There are a lot of issuers in Puerto Rico. Some of them are backed by defined revenue streams, like Puerto Rico Electric, which is referred to as PREPA. The COFINA sales tax bonds are backed by a specified revenue stream. There are some private universities in Puerto Rico that actually are benefiting from the fact that the public universities are getting less funding and are therefore seeing students leave the public universities and migrate to some of the private universities. So their debt profiles actually look OK. They can continue to service their debt. And then, finally, there’s some very short-term debt that is insured by the likes of National Public Finance Guarantee or Assured Guarantee, which we think has good claims-paying abilities for many, many years to come. So we’ve played it from that perspective, where we’ve been involved in Puerto Rico. And again, where prices are currently, there might be some opportunities. If they get this deal done, which provides them liquidity for the next two to three years, it could be an opportunity where you could see some sort of relief rally. We’re just not sure exactly where we are, though, on that cycle. So, we haven’t really been dabbling in the longer, lower dollar price, unsecured, or GO type of debt just yet. But within our marketplace, that’s a very rapidly developing situation, and so it could present further opportunities down the road.

Lyle, we’d welcome a parting thought for investors if they’re still nervous about Puerto Rico.
I think people need to understand that the rating movements are not going to necessarily be the biggest drivers of price performance on Puerto Rico bonds. As we all know, the rating agencies many times are late to the game. I would say, just sit back and think about your strategy. Can you absorb some of this volatility? And also, if you own mutual funds, how big of an exposure to Puerto Rico do they have, and what do they own? So, make sure you know what you own, don’t be too quick to pull the trigger, and take a look under the covers.

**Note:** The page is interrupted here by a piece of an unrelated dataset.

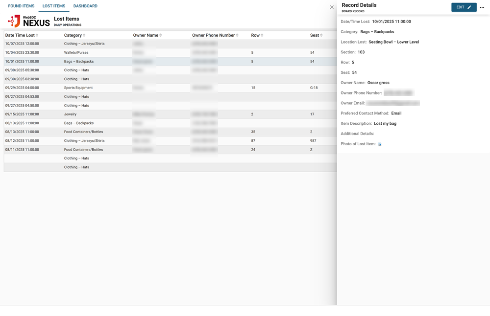 The Lost and Found board provides an organized, accountable process for managing guest-reported lost items and venue-recovered property. It enhances customer service by streamlining how staff log, track, and reconcile items, while also supporting security and compliance through detailed recordkeeping.

That is all the time we have, Lyle. Thanks for joining us again here On the Trading Desk.
As always, thanks, Peter.

The views expressed are as of 2-19-14 and are those of Lyle Fitterer, Peter Nulty, and Wells Fargo Funds Management, LLC. The information and statistics in this report have been obtained from sources we believe to be reliable but are not guaranteed by us to be accurate or complete. Any and all earnings, projections, and estimates assume certain conditions and industry developments, which are subject to change. The opinions stated are those of the author and are not intended to be used as investment advice. The views and any forward-looking statements are subject to change at any time in response to changing circumstances in the market and are not intended to predict or guarantee the future performance of any individual security, market sector or the markets generally, or any mutual fund. Wells Fargo Funds Management, LLC, disclaims any obligation to publicly update or revise any views expressed or forward-looking statements.